[Python-Dev] URL processing conformance and principles (was Re: urllib.urlopen...)

Thu Sep 16 17:50:24 CEST 2004

"Martin v. Löwis" wrote:
> You are right: URIs are meant to be written on paper. However, RFC 2396
> also acknowledges that the issue of non-ASCII characters is unresolved.
> It suggests (in 2.1) that the URI scheme should specify the
> interpretation of byte values.

Right. This part of the thread was just about how the argument to 
urllib.urlopen() should be handled when given as unicode vs str. You seemed to 
be saying it should be str because a URI is fundamentally bytes and should be 
analyzed as such, whereas I'm saying no, a URI is fundamentally characters and 
should be analyzed as such. I mentioned %-encoding and the quirk of the BNF 
just because those are aspects of the syntax that are byte-oriented and are the 
source of much confusion, and because they may have influenced your assertion.

Are we in agreement on these points?

 -  A URL/URI consists of a finite sequence of Unicode characters;

 -  urlopen(), and anything else that takes a URL/URI argument,
    must accept both str and unicode;

 -  If given unicode, each character in the string directly represents
    a character in the URL/URI and needs no interpretation;

 -  If given str, each byte in the string represents a character in
    the URL/URI according to US-ASCII interpretation;

 -  Characters or bytes outside the ASCII range, and even certain
    characters in the ASCII range, are not permitted in a URL/URI,
    and thus the interpretation of a string containing them may
    result in an exception or other unpredictable results.

If even these principles can be agreed upon, then I can submit a
documentation patch, at the very least.

Furthermore, what about this principle?

 -  The urllib, urllib2, and urlparse modules currently do not
    claim to conform to any particular standards governing the
    interpretation of URLs; they merely acknowledge that some
    standards may be applicable. However, the intent is to provide
    standards-conformant behavior where possible, to the extent 
    that the module APIs overlap with functionality mandated by
    current standards.

    When the relevant standards become obsolete due to publication
    of updated standards (e.g. RFC 1630 -> 1738 -> 1808 -> 2396),
    the implementations *may* be updated accordingly, and users
    should expect behavior that conforms to either the current or
    obsoleted standards. Which standards are applicable to a
    particular implementation should be documented in the module
    and in its functions & classes where necessary.

And how about these?

 -  urlopen() is documented as accepting a 'url' argument that is
    the URL of 'a network object' that can be read; a file-like
    object, based on either a local file or a socket, is normally
    returned. This 'network object' may be a local file if the
    'file' scheme is used or if the URL's scheme component is omitted.

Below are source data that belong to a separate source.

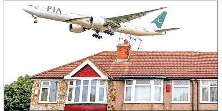
The buyer will need to address PKR 200 billion in liabilities and invest PKR 400 million in repairs and other issues.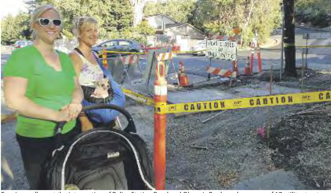
Evening walkers at the intersection of Reliez Station Road and Olympic Boulevard near one of 17 utility structures undergoing work.

Burton Valley residents aren't Olympic Boulevard, to hop on the thrilled; neither are Moraga freeway. The rerouted traffic has drivers.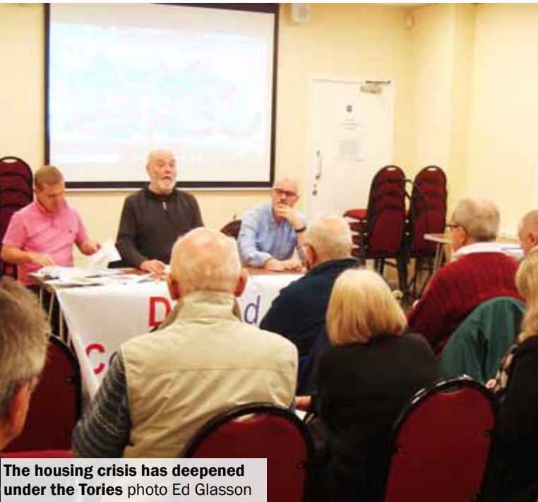
The housing crisis has deepened under the Tories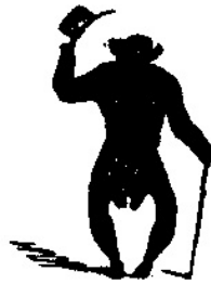
A PERFECT BEAU—(BOW)."

"What could you expect but a warped understanding ," replied the Hebrew Adonis, "from such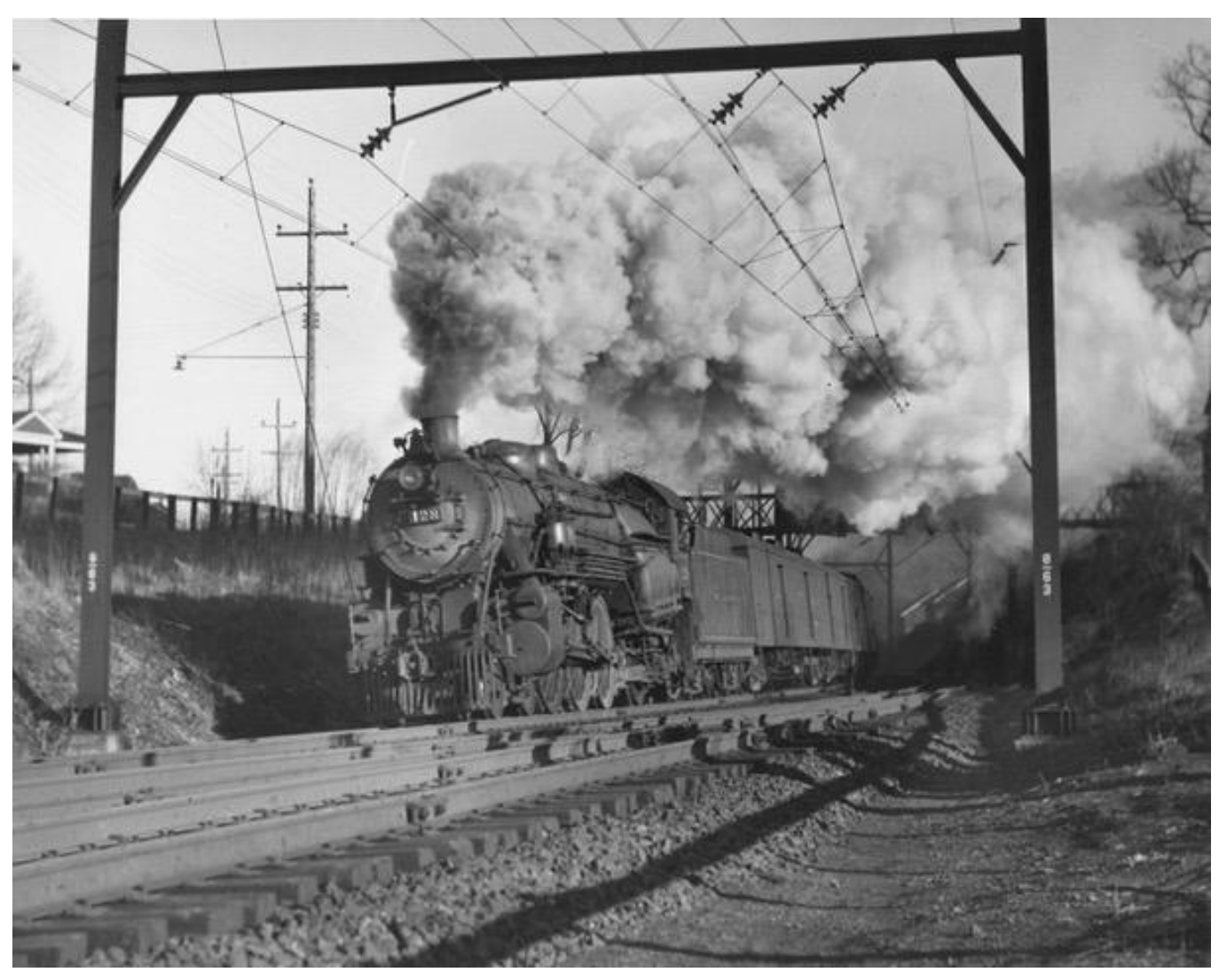
Reading 4-6-2 No. 128 is between Elkins Park and Oak Lane stations as it speeds south with a New York express in the 1940s.

Visit the Chapter Webpage www.nrhswis.org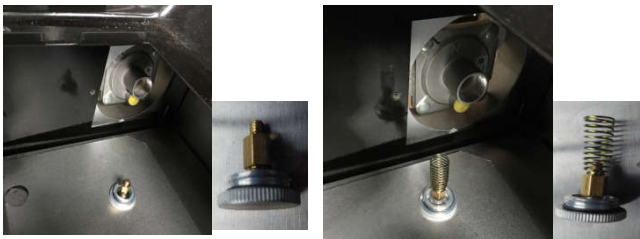
Position for NG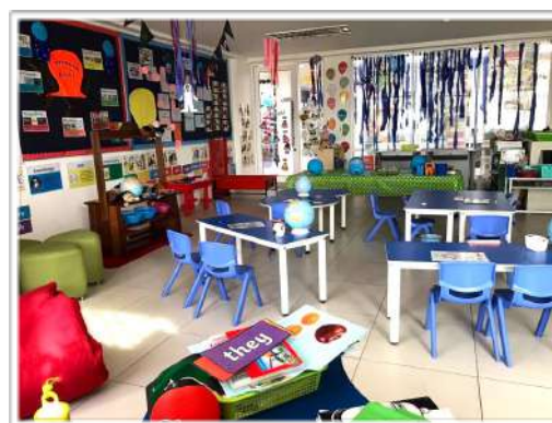
Vibrant, colourful displays showing students' learning makes an exciting environment in Matrix Global Schools.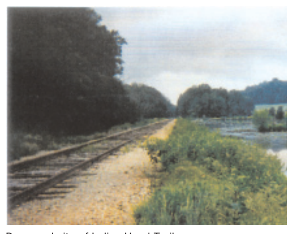
Proposed site of Indian Head Trail adjacent to Naval Surface Warfare Center Railroad. Charles County, MD

conclusion: Since there were viable on-road albeit less direct alternatives, this option was dropped from consideration.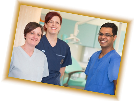
Add your voice to the views of over 1,000 staff

In October 2014 the "Declaration of the Foundations of Community Services" was launched, developed by over 1,000 health and social care staff. The aim of the workshops is to test, validate and spread this work throughout London. ➔ More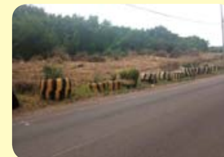
A section of the Halse Hall main road which was debushed recently.

that prioritize the well-being of local communities.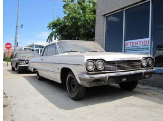
This 1960s Chevrolet Impala would make for a great weekend cruiser.

Editor's Note: If this article is of interest, you can view several youtube.com video's. Search for Lambrecht or VanDerBrink. It is truly amazing to watch them pull these 50's and 60's cars (Mostly Chevrolets) out of storage that have 1 to 4 miles on them, some with the plastic still on the seats. Paul Dagenais, Editor.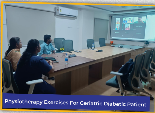
Physiotherapy Exercises For Geriatric Diabetic Patient

    For convenience, the 'url' argument is permitted to be given as
    a str or unicode, and may be 'absolute' or 'relative'.

    If RFC 2396 or rfc2396bis apply, then the argument is assumed to
    be what is defined in the grammar as a URI-reference. A fragment
    component, if present, is stripped (this requires a change to the
    implementation) and in all cases, the reference is resolved
    against a default base URI.

    If RFC 1808 applies (the current implementation is based largely
    on this spec, which did not clearly distinguish between a reference
    and a URI), it is what is defined in the grammar as a URL, and
    if it is relative (relativeURL in the grammar), it is considered
    to be relative to a default base URL.

    (This is essentially describing the current implementation in
    terms used by the standards).

 -  In urlopen() and the URLOpener classes it depends on, the default
    base URI is the result of resolving the result of os.getcwd(),
    converted to a URL by some undocumented means, against the base
    'file:///'. 

    (I don't think this would require a change to the implementation,
    but it is a principle that should be agreed upon and documented,
    and perhaps the nuances of getcwd vs getcwdu should be addressed).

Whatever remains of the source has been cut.